Where countries do publish more comprehensive estimates, they often use very different methodological approaches which are known to produce higher estimates of tax losses than the approach deployed by HMRC.

All of this points to a government which is failing to take tax avoidance seriously, and the result is a lack of investment in tackling the problem.

The figures speak for themselves. Since HMRC was founded in 2006 out of a merger between HM Customs and the Inland Revenue, the department has been progressively de-funded. Over that period the department has lost over 40,000 staff from a total of 104,000.

Few people care about having fewer tax inspectors in the same way that they care about cuts to other public services, so governments of all colours don’t mind being seen cut to HMRC as an easy way of saving money.

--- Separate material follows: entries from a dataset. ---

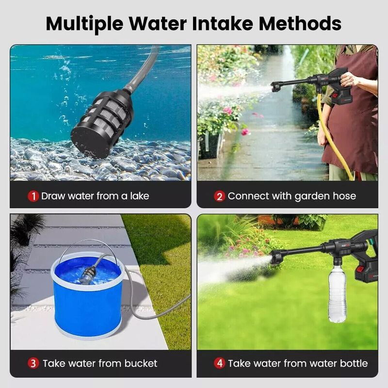 - When you travel outdoors, just put the water pipe into the rivulet,bucket or any water source to start washing your car.
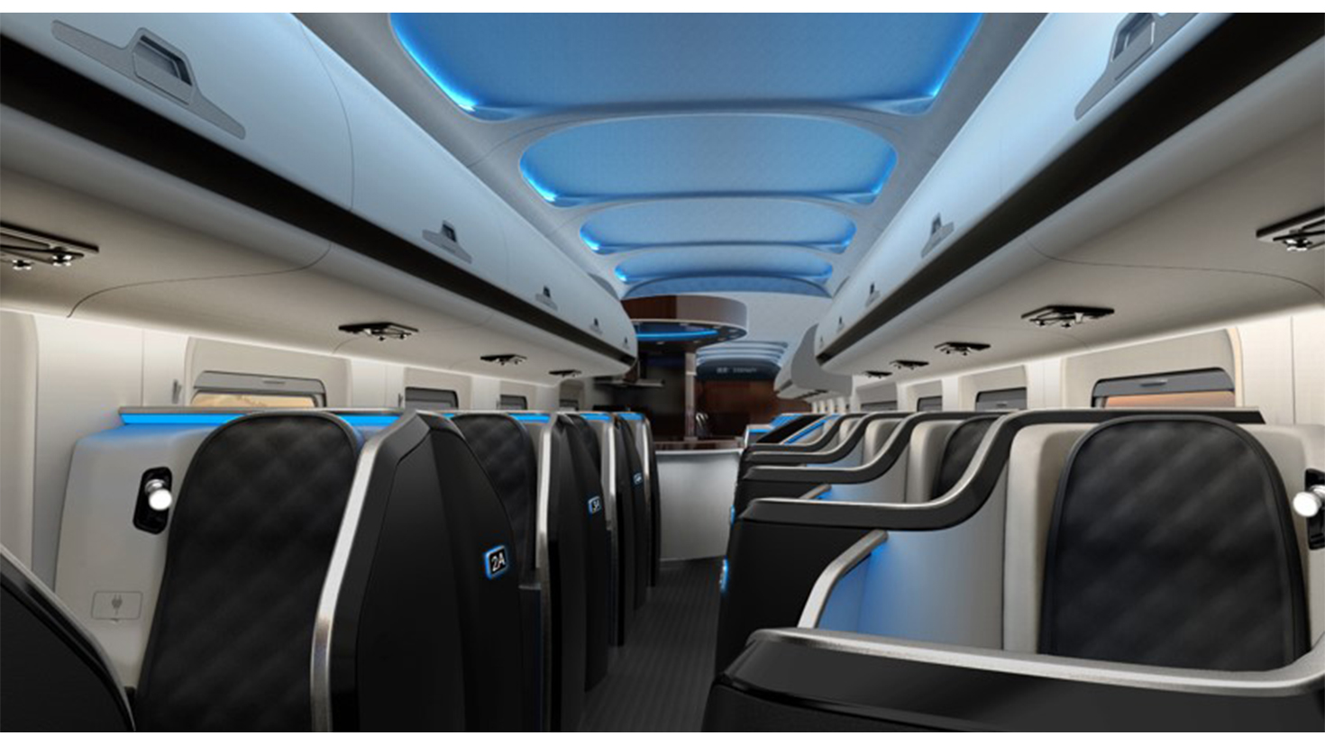 在確保內(nèi)飾造型的整體性和色彩搭配的協(xié)調(diào)性的同時,便捷的功能點以及巧妙的布局規(guī)劃,是整個頭等艙設(shè)計的核心。獨立的私人空間,科技感十足的乘坐休息區(qū)、全景觀景視窗、公共大空間會談區(qū),成為該方案的設(shè)計特色。每個位置都有對應(yīng)的大玻璃窗,可以方便的欣賞到窗外的景色,加之車廂內(nèi)的燈光效果,渲染浪漫星空,讓每次出行氛圍都成為一種享受!新設(shè)計按乘坐、用餐、乘務(wù)、洗手間、行李存放的功能劃分為5個區(qū)域,每個區(qū)域都配備了完整的功能設(shè)施。隨著高鐵的迅猛發(fā)展,更加舒適安全的乘坐,成為高鐵新的進化方向。我們把從檢票、上車、入座、用餐到最后下車之間的每一個服務(wù)觸點作為研究對象,尋找提升用戶體驗的機會點。
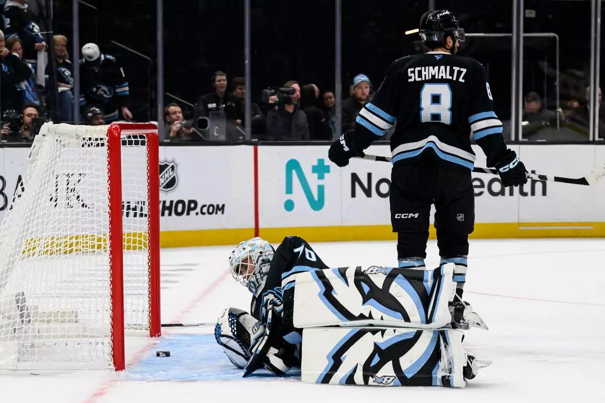 Facing a three-goal deficit, Utah’s Nick Schmaltz and Ian Cole scored 29 seconds apart in the second period to set the Mammoth’s comeback in motion. Schmaltz got Utah on the board at the 8:04 mark, and Cole followed with a 50-foot slapshot at 8:33 of the second.
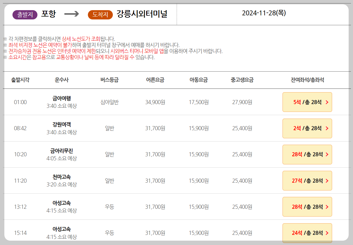 2️⃣ 날짜와 시간 선택: 출발 날짜와 시간을 입력하면 운행 노선과 잔여 좌석이 표시됩니다.

But cutting back on tax collection is a false economy, and recent research by Dr Arun Advani of the University Warwick demonstrates that the case for investing more in HMRC is unanswerable.

In a paper published by the Social Market Foundation, Dr Advani demonstrates that the average targeted audit of a tax payer costs on average £2,500, but brings in between £10,000-£15,000 in previously unpaid tax. Despite the very large benefit for the government, the number of audits have been falling, even though HMRC now has more data than ever and so a better chance of finding people who have not been paying their fair share.

So isn’t it time for the government to stop hiding behind HMRC’s flawed figures, and face up to the challenge of tax avoidance? A good start would be to stop leaving it up to HMRC to mark their own homework, and invest more effort in going after tax avoiders.